Pero antes de llegar a tan prodigiosa muestra de la perseverancia y labor del enjambre humano, todavía hemos de hallarnos a solas con la vasta naturaleza, desierta, majestuosa y soberana.

Beges disfruta la sombra de los últimos nogales; su mies y sus praderas están abrigadas por montes que rodean la cerrada cuenca: al cierzo el cueto de la Robre coronado de bosque; al Mediodía, y señalado por una trocha que muere en su garganta, el puerto de Pelea, cuya denominación diríase conservada de las épicas luchas mantenidas en torno del impenetrable alcázar.

Más allá arrastra el camino sobre peña viva. Hase escondido el sol, y sentimos sobre nosotros el húmedo peso de las nubes henchidas de agua; el viento, huésped constante de las alturas, nos acompaña, y se le oye mugir allá en los lejanos picos, airado de su resistencia, o lastimado de sus heridas. Paisaje adusto; propia región de águilas.

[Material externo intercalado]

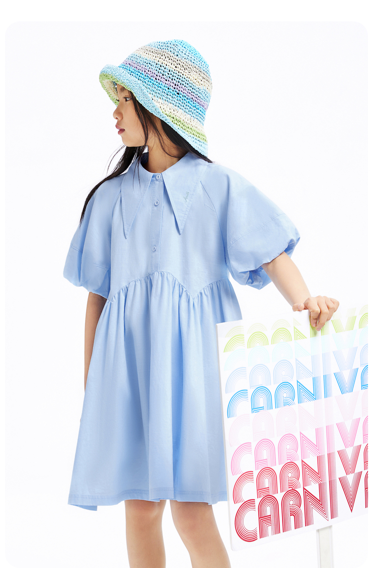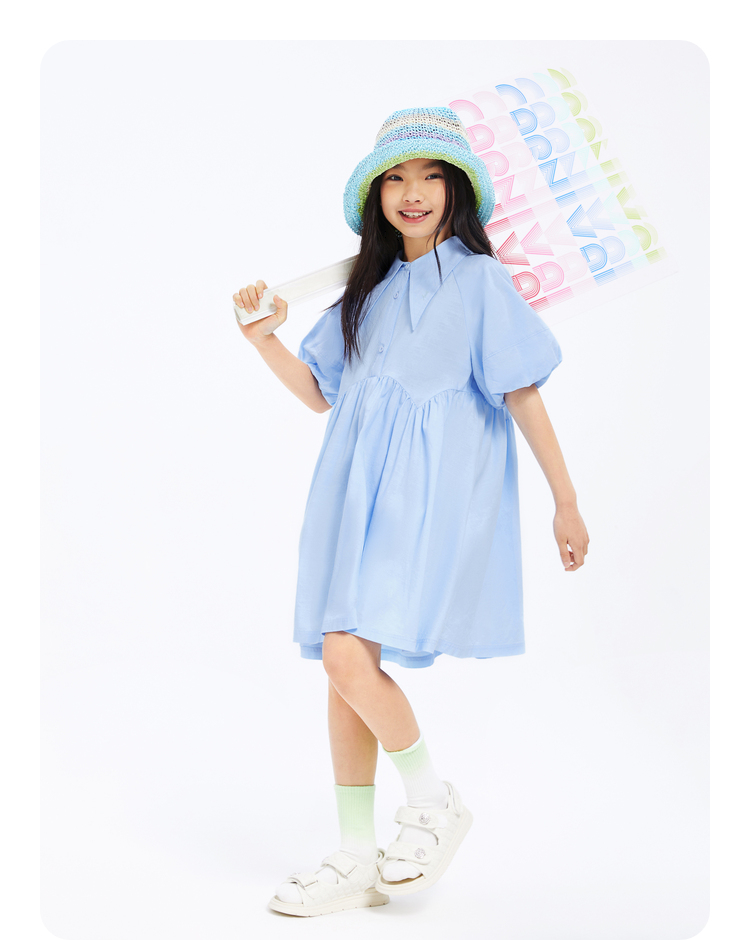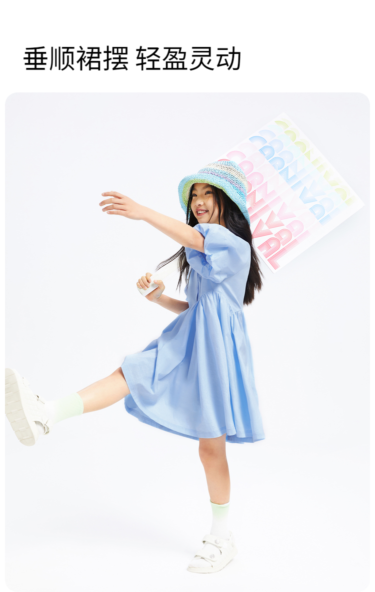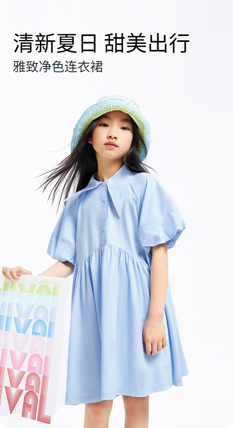 女童公主连衣裙夏新款纯色百褶裙子安奈儿童装EG423113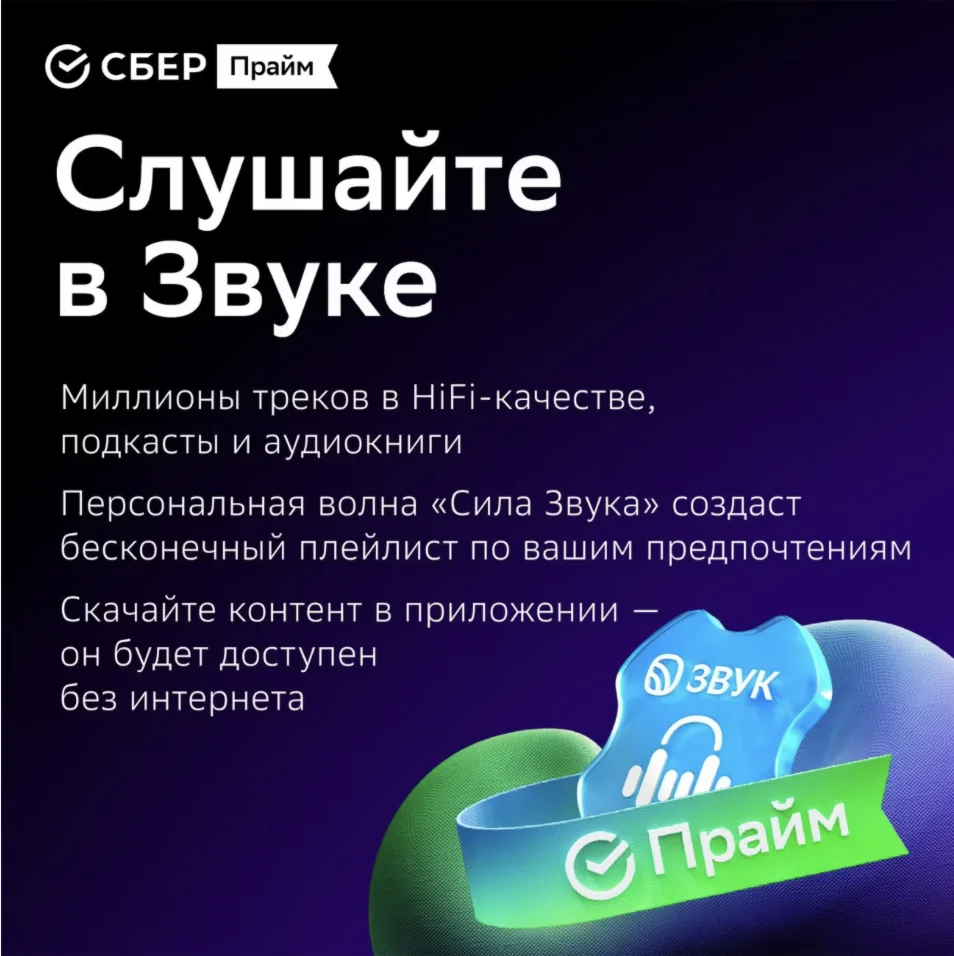 • Все преимущества «СберПрайм» Музыка, подкасты и аудиокниги в сервисе «Звук», бонусы «Спасибо» в «Самокате», «Купере», «Ситидрайве», бесплатное обслуживание карты, надбавки по «СберВкладу» и др.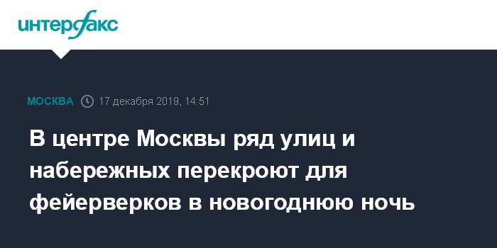 Москва. 17 декабря. INTERFAX.RU - В центре Москвы в новогоднюю ночь будут перекрывать движение на набережных и некоторых улицах ради запуска фейерверков, сообщили в Центре организации дорожного движения.

Fija sobre una roca, inmóvil, lanzada adelante su chata cabeza, aparece una de ellas, pronta a calar al fondo del abismo; distínguese su pardo plumaje, el negro becoquín que cubre su aplastada frente, y la muceta blanca con que viste su espalda y los nervudos codos de sus alas; ábrelas al acercarnos, déjase pesar sobre ellas, y remontando el vuelo, sube a cernerse, solitaria, en el inmenso espacio.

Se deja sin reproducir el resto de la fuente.